Author : SYEDA KHIZRA RIZVI
In the Supreme Court of India
Civil Appellate Jurisdiction
Case No. Special leave petition (civil) no. 30621 of 2011
Appellant :Jarnail Singh and ors.
Respondent: Lachhmi Narain Gupta and ors.
Date of the Judgment: 26th Sept. 2018
Bench OF JUDGES
Former Chief Justice of India Dipak Misra and Justice Kurian Joseph, Justice RF Nariman, Justice SK Kaul, Justice Indu Malhotra.
Reservation has always been a contentious issue in Indian politer from a brief period. B R Ambedkar after the Poona Pact gave up the demand of the Dalit community for a separate electoral colleges. Thus, there was a national compact that the depressed classes should be portrayed in appointments in public services and in local bodies, in other words we can say that reservation in public services and local bodies. The given depressed classes came to be held as Scheduled Tribes and Scheduled Caste.
1. A bench of Justice Adarsh Kumar Goel and Justie Ashok Bhushan was hearing an Special Leave Petition preferred by the Centre defying the judgment of the August-2017, Delhi High Court quashing the Dot Office Memorandum (OM) which was on 13th August, 1997, which gives for the continuation of reservation in promotions indefinitely.
2. On 17th May , a bench of Justice Kurian Joseph and Justice Mohan M Shantanagoudar, hearing an Special Leave Petition against the judgement of Punjab and Haryana High Court, 2011, quashing a similar in context of Office Memorandum in pursuance of M Nagaraj, had directed that the pendency of this Special Leave Petition shall not stand in the path of Union of India taking steps for the grounds of promotion from reserved to reserved and unreserved to unreserved and also in the concern of promotion on merits.
3. The Constitution bench of the Supreme Court (SC) , on 26th September, 2018 delivered a judgement provided by Justice Rohinton Nariman, that reservation in promotions does not require the state to gather quantifiable data on the backwardness of the SC/ST, though makes the cherry on the cake in either group ineligible for the benefits
Issues Raised :-
1. Whether M. Nagaraj v. Union of India (Nagaraj) required reconsideration?

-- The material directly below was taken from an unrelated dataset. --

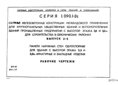 | Название стандарта | Сборные железобетонные конструкции межвидового применения для крупнопанельных общественных зданий и вспомогательных зданий промышленных предприятий с высотой этажа 3,0 и 3,3 м для строительства в сейсмических районах. |
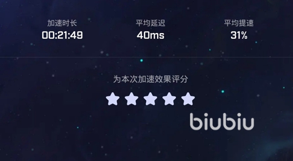 添加完成之后我們在加速界面點擊對應游戲名稱后方的按鈕就可以完成一鍵加速,加速過程中可以看到加速的效果,加速器會在我們游玩的過程中自動進行加速節(jié)點的切換,如果不滿意可以手動結(jié)束加速并且重新開啟。當我們結(jié)束加速之后可以看到加速開啟的時長以及提速后的平均延遲情況、平均提速的效果。Biubiu加速器的加速效果還是相當不錯的,而且針對不同玩家的情況,還提供了基礎(chǔ)模式以及智能模式這兩種加速模式可以選擇。

2. Nagaraj verdict had held that before the SC and ST candidates can be promoted, quantifiable data that they were indeed backward has to be proven to the states.
3. Whether the creamy layer among SC/STs should be restricted from gaining promotions through reservations?
The court sided the need to collect quantifiable data which was formulated by its 2006 verdict in the case of M. Nagaraj v. Union of India as it ignored the reasoning of a 9 judges bench in the case of Indra Sawhney (1992) that any discussion on creamy layer has no relevance in the part of Scheduled Caste or Schedule Tribes. The court has taken more than a age to correctify an oddity in the Nagaraj case which brought in a creamy layer edited for promotions for employees of SC or ST. This resulted in objection of the promotion of thousands of employees.